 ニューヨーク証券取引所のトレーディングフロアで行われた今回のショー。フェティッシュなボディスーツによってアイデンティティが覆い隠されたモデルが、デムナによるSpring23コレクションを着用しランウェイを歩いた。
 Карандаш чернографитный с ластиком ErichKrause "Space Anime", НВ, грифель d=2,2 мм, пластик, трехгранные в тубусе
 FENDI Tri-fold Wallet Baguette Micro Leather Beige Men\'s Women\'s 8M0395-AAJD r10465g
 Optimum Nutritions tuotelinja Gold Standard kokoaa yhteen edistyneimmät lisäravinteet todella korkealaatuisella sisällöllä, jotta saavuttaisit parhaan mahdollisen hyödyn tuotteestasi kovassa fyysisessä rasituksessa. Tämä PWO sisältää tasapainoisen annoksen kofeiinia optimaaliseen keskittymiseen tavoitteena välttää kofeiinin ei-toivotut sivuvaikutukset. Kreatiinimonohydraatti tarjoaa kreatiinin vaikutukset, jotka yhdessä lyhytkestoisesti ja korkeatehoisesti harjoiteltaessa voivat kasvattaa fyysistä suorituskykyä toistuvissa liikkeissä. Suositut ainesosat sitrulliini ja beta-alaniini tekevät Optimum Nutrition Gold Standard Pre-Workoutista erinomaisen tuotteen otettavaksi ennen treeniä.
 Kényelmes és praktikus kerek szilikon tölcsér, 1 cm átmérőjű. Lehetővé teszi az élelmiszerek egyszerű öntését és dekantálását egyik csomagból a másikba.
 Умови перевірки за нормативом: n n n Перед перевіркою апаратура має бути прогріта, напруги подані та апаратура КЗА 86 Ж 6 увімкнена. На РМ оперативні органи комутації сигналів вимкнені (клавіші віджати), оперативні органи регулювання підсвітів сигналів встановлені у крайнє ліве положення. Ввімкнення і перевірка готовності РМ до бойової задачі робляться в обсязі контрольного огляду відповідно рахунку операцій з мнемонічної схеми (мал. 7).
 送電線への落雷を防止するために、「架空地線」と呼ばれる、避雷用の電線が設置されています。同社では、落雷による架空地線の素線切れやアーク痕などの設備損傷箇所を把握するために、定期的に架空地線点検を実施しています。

☆ ☆ ☆ ☆ ☆ ☆ ☆

### Instructions for the task
All records above are to be output again exactly as they stand.

### Reply to the task
 ニューヨーク証券取引所のトレーディングフロアで行われた今回のショー。フェティッシュなボディスーツによってアイデンティティが覆い隠されたモデルが、デムナによるSpring23コレクションを着用しランウェイを歩いた。
 Карандаш чернографитный с ластиком ErichKrause "Space Anime", НВ, грифель d=2,2 мм, пластик, трехгранные в тубусе
 FENDI Tri-fold Wallet Baguette Micro Leather Beige Men\'s Women\'s 8M0395-AAJD r10465g
 Optimum Nutritions tuotelinja Gold Standard kokoaa yhteen edistyneimmät lisäravinteet todella korkealaatuisella sisällöllä, jotta saavuttaisit parhaan mahdollisen hyödyn tuotteestasi kovassa fyysisessä rasituksessa. Tämä PWO sisältää tasapainoisen annoksen kofeiinia optimaaliseen keskittymiseen tavoitteena välttää kofeiinin ei-toivotut sivuvaikutukset. Kreatiinimonohydraatti tarjoaa kreatiinin vaikutukset, jotka yhdessä lyhytkestoisesti ja korkeatehoisesti harjoiteltaessa voivat kasvattaa fyysistä suorituskykyä toistuvissa liikkeissä. Suositut ainesosat sitrulliini ja beta-alaniini tekevät Optimum Nutrition Gold Standard Pre-Workoutista erinomaisen tuotteen otettavaksi ennen treeniä.
 Kényelmes és praktikus kerek szilikon tölcsér, 1 cm átmérőjű. Lehetővé teszi az élelmiszerek egyszerű öntését és dekantálását egyik csomagból a másikba.
 Умови перевірки за нормативом: n n n Перед перевіркою апаратура має бути прогріта, напруги подані та апаратура КЗА 86 Ж 6 увімкнена. На РМ оперативні органи комутації сигналів вимкнені (клавіші віджати), оперативні органи регулювання підсвітів сигналів встановлені у крайнє ліве положення. Ввімкнення і перевірка готовності РМ до бойової задачі робляться в обсязі контрольного огляду відповідно рахунку операцій з мнемонічної схеми (мал. 7).
 送電線への落雷を防止するために、「架空地線」と呼ばれる、避雷用の電線が設置されています。同社では、落雷による架空地線の素線切れやアーク痕などの設備損傷箇所を把握するために、定期的に架空地線点検を実施しています。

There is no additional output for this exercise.